Orlando Sampaio Silva

Aquecimento global; efeito estufa; buraco na camada de ozônio por onde passam os raios solares com mais intensidade do que seria desejável; biodiversidade ameaçada; ondas de calor; savanização da Amazônia; desertificação do Nordeste; redução da capacidade produtiva dos solos; redução e/ou extinção do volume de neves nas cordilheiras de todo o Mundo; redução da vazão dos rios; secamento de outros rios em determinadas áreas interiores;enchentes freqüentes; tsunamis; inundações de cidades localizadas próximas ao nível do mar (Rio de Janeiro, Santos, Veneza, Nova York, Londres, Shangai, Tóquio, quase toda a Holanda e muitas cidades da costa brasileira, inclusive outras capitais de estados etc, etc. etc.); aumento do número de grandes furacões e de tornados; mudança no regime dos ventos; escassez de água potável; declínio na recarga dos aqüíferos do Nordeste; aumento da morbidade em conseqüência das ondas de calor, de secas e de enchentes; retração do gelo na Groenlândia e na calota polar, assim como na Antártida; quebras de safras; aumento do fenômeno el niño; agravamento da fome de até um bilhão de pessoas. As mudanças climáticas afetarão predominantemente os mais pobres, como, p. ex., em grande parte dos povos africanos. A enumeração do cenário trágico que se afigurará e já está começando a se afigurar à humanidade ao longo deste século é demasiadamente extenso para ser registrado em todos os seus detalhes neste espaço jornalístico.

E o homem não tem nenhuma responsabilidade na produção desta tragédia. Ela é apenas produzida pela natureza. O homem não está contribuindo para o aquecimento do planeta. O Sol é que está mais quente. Em síntese, é isto que afirma o “estudante” que se assina Andrew Marshall e diz ser da Universidade Simon Fraser, Vancouver, Colúmbia Britânica, Canadá, em artigo que venho de receber via Internet e que se intitula “Aquecimento global: mentira conveniente”.
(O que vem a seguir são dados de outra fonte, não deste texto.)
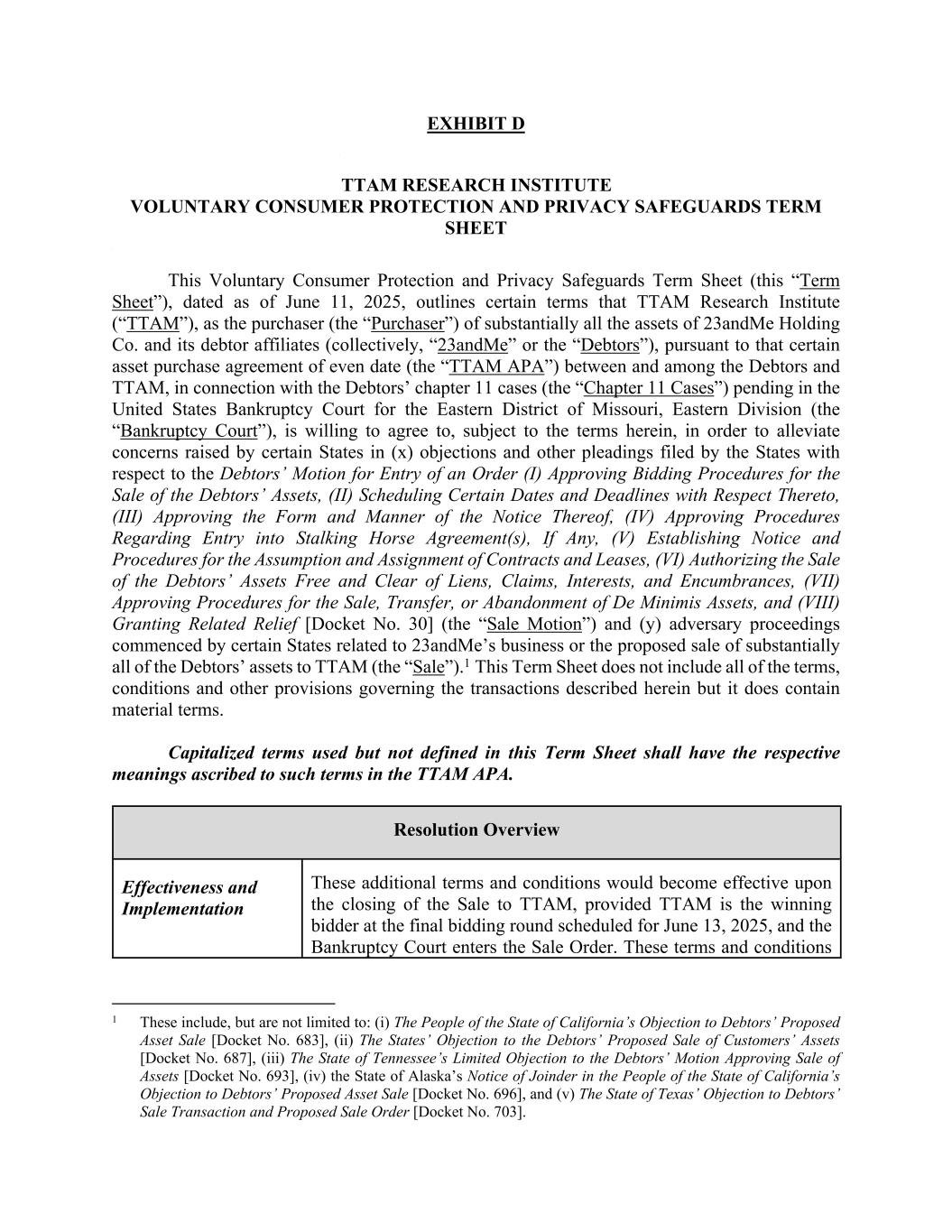EXHIBIT D TTAM RESEARCH INSTITUTE VOLUNTARY CONSUMER PROTECTION AND PRIVACY SAFEGUARDS TERM SHEET This Voluntary Consumer Protection and Privacy Safeguards Term Sheet (this “Term Sheet”), dated as of June 11, 2025, outlines certain terms that TTAM Research Institute (“TTAM”), as the purchaser (the “Purchaser”) of substantially all the assets of 23andMe Holding Co. and its debtor affiliates (collectively, “23andMe” or the “Debtors”), pursuant to that certain asset purchase agreement of even date (the “TTAM APA”) between and among the Debtors and TTAM, in connection with the Debtors’ chapter 11 cases (the “Chapter 11 Cases”) pending in the United States Bankruptcy Court for the Eastern District of Missouri, Eastern Division (the “Bankruptcy Court”), is willing to agree to, subject to the terms herein, in order to alleviate concerns raised by certain States in (x) objections and other pleadings filed by the States with respect to the Debtors’ Motion for Entry of an Order (I) Approving Bidding Procedures for the Sale of the Debtors’ Assets, (II) Scheduling Certain Dates and Deadlines with Respect Thereto, (III) Approving the Form and Manner of the Notice Thereof, (IV) Approving Procedures Regarding Entry into Stalking Horse Agreement(s), If Any, (V) Establishing Notice and Procedures for the Assumption and Assignment of Contracts and Leases, (VI) Authorizing the Sale of the Debtors’ Assets Free and Clear of Liens, Claims, Interests, and Encumbrances, (VII) Approving Procedures for the Sale, Transfer, or Abandonment of De Minimis Assets, and (VIII) Granting Related Relief [Docket No. 30] (the “Sale Motion”) and (y) adversary proceedings commenced by certain States related to 23andMe’s business or the proposed sale of substantially all of the Debtors’ assets to TTAM (the “Sale”).1 This Term Sheet does not include all of the terms, conditions and other provisions governing the transactions described herein but it does contain material terms. Capitalized terms used but not defined in this Term Sheet shall have the respective meanings ascribed to such terms in the TTAM APA. Resolution Overview Effectiveness and Implementation These additional terms and conditions would become effective upon the closing of the Sale to TTAM, provided TTAM is the winning bidder at the final bidding round scheduled for June 13, 2025, and the Bankruptcy Court enters the Sale Order. These terms and conditions 1 These include, but are not limited to: (i) The People of the State of California’s Objection to Debtors’ Proposed Asset Sale [Docket No. 683], (ii) The States’ Objection to the Debtors’ Proposed Sale of Customers’ Assets [Docket No. 687], (iii) The State of Tennessee’s Limited Objection to the Debtors’ Motion Approving Sale of Assets [Docket No. 693], (iv) the State of Alaska’s Notice of Joinder in the People of the State of California’s Objection to Debtors’ Proposed Asset Sale [Docket No. 696], and (v) The State of Texas’ Objection to Debtors’ Sale Transaction and Proposed Sale Order [Docket No. 703].

Não sou climatologista, meteorologista, astrônomo, geógrafo físico, botânico, geólogo, mas, também, não sou um tolo para não perceber a mando e a serviço de quem está este “estudante”. Ele diz ser o aquecimento global uma “mentira conveniente”, para se contrapor a Al Gore e sua luta contra o aquecimento global e seu famoso e premiado documentário. Diz serem as manifestações de Al Gore e da grande maioria dos cientistas alertando governos e a humanidade sobre as conseqüências do aquecimento global, expressões da “ciência oficial”. Por que esta é a ciência oficial e não a dos raros cientistas que servem à posição do sr. Bush, a quem dão respaldo e cobertura, presidente que se opõe a que seu país assine o Protocolo de Quioto? O sr. Bush, presidente da maior potência econômica e militar mundial, se recusa a adotar uma política de prevenção contra a catástrofe ambiental que se avizinha. Por que a “ciência oficial” não é a que serve aos governos dos países que se recusaram a assinar o protocolo de Quioto e procuraram amenizar os termos do recente relatório da ONU – IPCC: Painel Intergovernamental sobre Mudança Climática)?

aquecimento_globalSe estiver a verdade científica do lado dos que se opõem às ações para amenizar o aquecimento global, ou seja, se o homem nada tem a ver com a produção do aquecimento que é crescente no globo terrestre e se este aquecimento decorre apenas da natureza, do aquecimento do Sol, nada há a fazer, todos cruzarão os braços e deixarão o deus Sol destruir a vida no nosso belo planeta. Nada se faz, ou seja: os milhões de carros automotorizados em todo o Mundo – que interessam às indústrias de automóveis e aos países produtores de petróleo – e as demais fábricas dos estados desenvolvidos, com economias em grande crescimento, principalmente daqueles que fizeram pressão para “abrandar” o relatório acima referido (EUA, Rússia, Índia, China, Arábia Saudita, ou seja, países industrializados uns e com grandes reservas de petróleo outros), continuarão a poluir o planeta lançando diariamente toneladas de carbono na atmosfera e, a aumentar o aquecimento global. Aquele “estudante” e os poucos cientistas que estão por trás dele estão, sim, servindo aos interesses imediatistas dos que detêm o lucro irresponsável, mas tão querido e tão cultuado pelo sistema capitalista selvagem. Estes cientistas, sim, estão a serviço da ciência oficial, a “ciência” que serve a estes interesses.

Negar o aquecimento global, dizer que a Terra já passou por outros períodos de aquecimento e que neste momento estamos ante novo período de aquecimento solar, ou dizer que o que está ocorrendo com a terra é o mesmo fenômeno que está atingindo outros planetas do sistema solar porque o Sol está mais quente e, por isso, nada há a fazer, é, no mínimo, um argumento medíocre e uma sandice, uma insensatez, uma parvoíce, uma tolice, porém uma tolice irresponsável; é razoável admitir-se que haja a ação conjugada de um possível aquecimento solar e da ação humana. Por um lado, aquele é o argumento que interessa aos grandes grupos empresariais com visão imediatista e que não “podem” – na realidade, não querem ver nenhuma diminuição de seus lucros – investir em medidas técnicas para diminuir o poder poluidor de suas fábricas e dos carros automotorizados.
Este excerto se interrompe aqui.